Hi @mourisl , thank you for your reply. No, for all samples where it fails at the annotation step the _annot.fa
file is empty.
-rw-rw-r-- 1 ubuntu ubuntu 647831 Jul 13 21:37 DOR-0-3_annot.fa
-rw-rw-r-- 1 ubuntu ubuntu 447623 Jul 13 21:45 DOR-0-4_annot.fa
-rw-rw-r-- 1 ubuntu ubuntu 369792 Jul 13 21:52 DOR-0-7_annot.fa
-rw-rw-r-- 1 ubuntu ubuntu 0 Jul 13 21:59 NC-1-2_annot.fa
-rw-rw-r-- 1 ubuntu ubuntu 319042 Jul 13 22:05 NC-1-4_annot.fa
-rw-rw-r-- 1 ubuntu ubuntu 295966 Jul 13 22:13 NC-1-5_annot.fa
-rw-rw-r-- 1 ubuntu ubuntu 573115 Jul 13 22:20 NC-1-6_annot.fa
-rw-rw-r-- 1 ubuntu ubuntu 0 Jul 13 22:29 NC-2-1_annot.fa
-rw-rw-r-- 1 ubuntu ubuntu 537733 Jul 13 22:37 NC-2-7_annot.fa
-rw-rw-r-- 1 ubuntu ubuntu 819282 Jul 13 22:44 PC-1-1_annot.fa
-rw-rw-r-- 1 ubuntu ubuntu 0 Jul 13 22:53 PC-1-6_annot.fa
-rw-rw-r-- 1 ubuntu ubuntu 0 Jul 13 23:01 PC-2-3_annot.fa
-rw-rw-r-- 1 ubuntu ubuntu 887110 Jul 13 23:09 PC-2-5_annot.fa
-rw-rw-r-- 1 ubuntu ubuntu 0 Jul 13 23:16 XP-1-4_annot.fa
-rw-rw-r-- 1 ubuntu ubuntu 762502 Jul 13 23:23 XP-1-5_annot.fa
-rw-rw-r-- 1 ubuntu ubuntu 0 Jul 13 23:31 XP-1-7_annot.fa
-rw-rw-r-- 1 ubuntu ubuntu 842778 Jul 13 23:39 XP-1-8_annot.fa
-rw-rw-r-- 1 ubuntu ubuntu 0 Jul 13 23:48 XP-2-1_annot.fa
-rw-rw-r-- 1 ubuntu ubuntu 0 Jul 13 23:58 XP-2-3_annot.fa
-rw-rw-r-- 1 ubuntu ubuntu 0 Jul 14 01:43 XP-2-5_annot.fa
Can you share one of the _final.out files that failed to generate the _annot.fa file? Thank you.
Hi @mourisl ,
Thank you — I'm checking with my supervisor about sharing the sequences, so will let you know shortly.
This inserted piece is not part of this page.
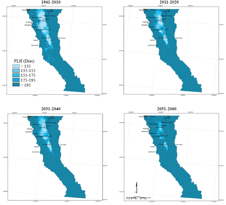 PLH. The PLH map (Figure 2) shows the classification of the five regions of B .C., as the regions with higher altitudes above sea level, located in or near the mountains of San Pedro Martir and Juárez indicated by the white expected colour, have less than 135 days PLH, which limits its feasibility for growing grapes. By contrast the regions where the wine valleys are located, such as Guadalupe, Santo Tomas and San Vicente have PLH greater than 195 days, allowing the cultivation of the vine with minimal risk of frost damage.

I noticed while looking at the files that all the failed samples were >= 4.4MB:
-rw-rw-r-- 1 ubuntu ubuntu 2.9M Jul 13 21:37 DOR-0-3_final.out.
-rw-rw-r-- 1 ubuntu ubuntu 2.0M Jul 13 21:45 DOR-0-4_final.out
-rw-rw-r-- 1 ubuntu ubuntu 1.7M Jul 13 21:52 DOR-0-7_final.out
-rw-rw-r-- 1 ubuntu ubuntu 4.8M Jul 13 21:59 NC-1-2_final.out <=======
-rw-rw-r-- 1 ubuntu ubuntu 1.4M Jul 13 22:05 NC-1-4_final.out
-rw-rw-r-- 1 ubuntu ubuntu 1.4M Jul 13 22:13 NC-1-5_final.out
-rw-rw-r-- 1 ubuntu ubuntu 2.6M Jul 13 22:20 NC-1-6_final.out
-rw-rw-r-- 1 ubuntu ubuntu 6.2M Jul 13 22:29 NC-2-1_final.out <=======
-rw-rw-r-- 1 ubuntu ubuntu 2.5M Jul 13 22:37 NC-2-7_final.out
-rw-rw-r-- 1 ubuntu ubuntu 3.7M Jul 13 22:44 PC-1-1_final.out
-rw-rw-r-- 1 ubuntu ubuntu 7.2M Jul 13 22:53 PC-1-6_final.out <=======
-rw-rw-r-- 1 ubuntu ubuntu 8.4M Jul 13 23:01 PC-2-3_final.out <=======
-rw-rw-r-- 1 ubuntu ubuntu 4.0M Jul 13 23:09 PC-2-5_final.out
-rw-rw-r-- 1 ubuntu ubuntu 4.4M Jul 13 23:16 XP-1-4_final.out <=======
-rw-rw-r-- 1 ubuntu ubuntu 3.4M Jul 13 23:23 XP-1-5_final.out
-rw-rw-r-- 1 ubuntu ubuntu 5.1M Jul 13 23:31 XP-1-7_final.out <=======
-rw-rw-r-- 1 ubuntu ubuntu 3.8M Jul 13 23:39 XP-1-8_final.out
-rw-rw-r-- 1 ubuntu ubuntu 7.4M Jul 13 23:48 XP-2-1_final.out <=======
-rw-rw-r-- 1 ubuntu ubuntu 8.5M Jul 13 23:58 XP-2-3_final.out <=======
-rw-rw-r-- 1 ubuntu ubuntu 6.6M Jul 14 01:43 XP-2-5_final.out <=======
I then took one of the failed samples and cut it in half:
(base) ubuntu@ip-10-200-0-18:~$ wc -l output/NC-1-2/NC-1-2_final.out
12900 output/NC-1-2/NC-1-2_final.out
head -n 6450 output/NC-1-2/NC-1-2_final.out >output/NC-1-2/foo_final.out
(base) ubuntu@ip-10-200-0-18:~$ ./TRUST4/annotator -f TRUST4/mouse/mouse_IMGT+C.fa -a output/NC-1-2/foo_final.out -t 16 -o output/NC-1-2/foo -r output/NC-1-2/NC-1-2_assembled_reads.fa > output/NC-1-2/foo_annot.fa
[Tue Jul 14 20:33:18 2020] Start to annotate assemblies.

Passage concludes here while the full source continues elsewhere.